● About this task
Each line in the material below, starting at the one with "Caring Leaves Photopolymer" and ending at the one with "Thank you to", is to be reproduced exactly; no picture is to be copied.

● Data
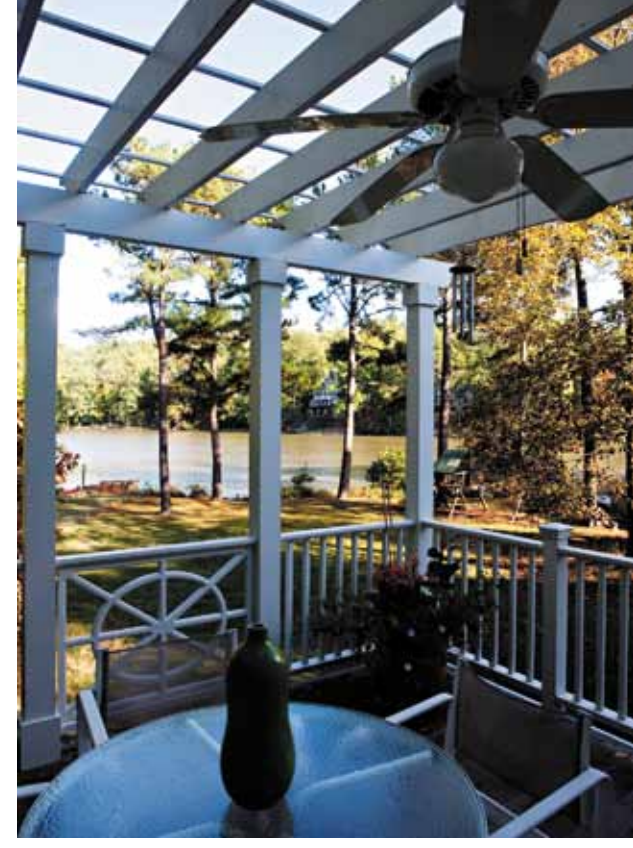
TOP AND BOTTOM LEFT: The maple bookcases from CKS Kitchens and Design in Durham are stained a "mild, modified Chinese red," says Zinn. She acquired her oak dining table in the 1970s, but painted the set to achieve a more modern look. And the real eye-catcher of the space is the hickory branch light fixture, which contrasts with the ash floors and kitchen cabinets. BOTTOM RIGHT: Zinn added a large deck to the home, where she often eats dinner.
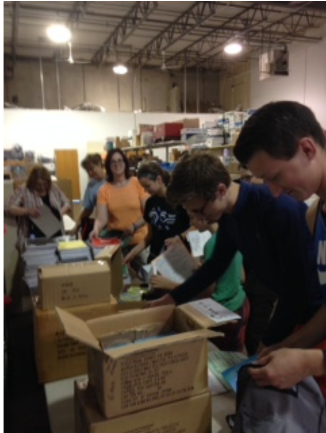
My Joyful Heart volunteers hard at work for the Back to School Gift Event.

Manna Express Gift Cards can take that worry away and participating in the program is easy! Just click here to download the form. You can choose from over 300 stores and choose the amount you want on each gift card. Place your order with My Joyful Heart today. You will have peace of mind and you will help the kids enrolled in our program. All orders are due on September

...

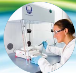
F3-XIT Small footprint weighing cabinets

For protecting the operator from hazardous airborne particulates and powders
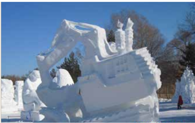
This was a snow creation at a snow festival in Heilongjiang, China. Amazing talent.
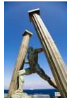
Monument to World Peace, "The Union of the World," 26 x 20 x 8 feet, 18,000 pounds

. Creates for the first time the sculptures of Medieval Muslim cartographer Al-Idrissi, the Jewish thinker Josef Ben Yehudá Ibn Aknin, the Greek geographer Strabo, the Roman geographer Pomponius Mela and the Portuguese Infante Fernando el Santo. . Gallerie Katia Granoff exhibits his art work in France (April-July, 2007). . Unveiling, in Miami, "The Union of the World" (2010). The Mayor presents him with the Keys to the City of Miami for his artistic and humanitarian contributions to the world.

...

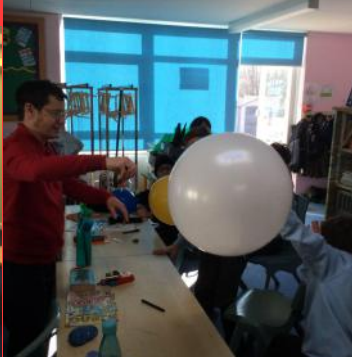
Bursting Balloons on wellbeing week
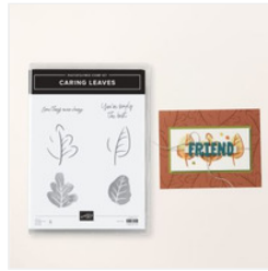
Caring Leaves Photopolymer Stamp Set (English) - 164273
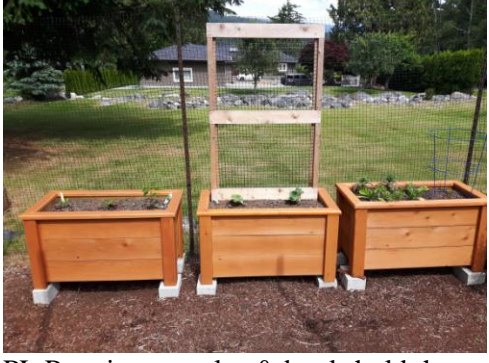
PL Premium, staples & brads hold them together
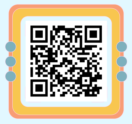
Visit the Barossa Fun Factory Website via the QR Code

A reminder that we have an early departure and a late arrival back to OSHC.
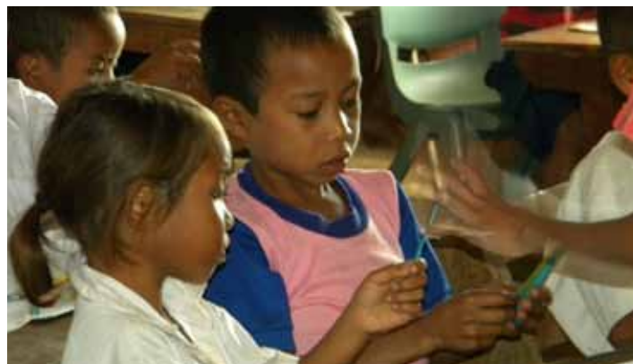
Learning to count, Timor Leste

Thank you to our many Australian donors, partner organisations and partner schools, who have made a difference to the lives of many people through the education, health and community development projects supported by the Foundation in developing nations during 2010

● Expected answer
Caring Leaves Photopolymer Stamp Set (English) - 164273
PL Premium, staples & brads hold them together
Visit the Barossa Fun Factory Website via the QR Code

A reminder that we have an early departure and a late arrival back to OSHC.
Learning to count, Timor Leste

Thank you to our many Australian donors, partner organisations and partner schools, who have made a difference to the lives of many people through the education, health and community development projects supported by the Foundation in developing nations during 2010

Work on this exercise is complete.